While every industry has undergone significant change over the years and the course of the pandemic, debt markets may have evolved more than most. The recent Milken Global Institute Conference highlighted how these markets have changed and what they might look like in a post-pandemic future.

“The financing industry has changed markedly over the last while,” Aine O’Flynn, Head of Investment Banking Capital Markets at BMO, told the Special Situations in Unusual Times panel. Moderated by William Lee, Chief Economist at the Milken Institute, and  featured Ben Black, Founder, and Managing Partner at Fortinbras Enterprises, Andrew Milgram, Chief Investment Officer of Marblegate Asset Management, and Michael Patterson, Governing Partner at HPS Investment Partners. 

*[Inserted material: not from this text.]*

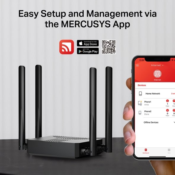 S dvoupásmovým Wi-Fi 6 routerem MERCUSYS MR62X od TP-Link si zajistíte rychlé a chytré připojení. Rychlosti Wi-Fi 6 dosahují až 1,5 Gb/s (1 201 Mb/s v pásmu 5 GHz a 300 Mb/s v pásmu 2,4 GHz). Zahrajete si online hry a streamujete obsah v kvalitě 4K bez prodlev a přerušování. Jednotka podporuje technologie OFDMA a MU-MIMO pro posílení vaší WiFi sítě. Umožňují více klientům přenášet data současně.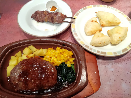 ハンバーグランチとアロスティチーニをいただきました。 ハンバーグランチは、オニオンソース味でプチフォッカ付きでお願いしました。 スープバー付きのランチメニューです。 ハンバーグはオーストラリアの工場で牛100%で作っているそうです。 オニオンソースは、玉ねぎの甘みとチキンの旨み。 ほうれん草とコーン、ポテトの付け合わせ。 プチフォッカは熱々♪。 プチフォッカに残ったオニオンソースをつけても美味しいですね。 アロスティチーニ(ラムの串焼き)は付属のスパイスをつけて食べると美味しい。 (アロスティチーニは、好評すぎて一時期品切れになっていたみたいですね。) 御馳走様でした。

O’Flynn pointed out that before the Global Financial Crisis, the risk unsecured high-yield bonds were typically the most junior debt in a capital structure, particularly for LBO. However, over the past several years, there has been a noticeable shift to second-lien debt and, more recently, “unitranches,” as the risk capital of choice. She said covenant-lite loans – loan agreements with no financial maintenance covenants – were once the exception but are now the rule. While leverage multiples remain fulsome, as valuations have climbed, so has the equity support underlying today’s debt levels.

O’Flynn says she has been giving a lot of thought to these issues lately and how this current market structure might react in another downturn. There are concerns, and she noted: higher leverage, increasingly aggressive terms, tighter pricing, and more investor concentration in some situations.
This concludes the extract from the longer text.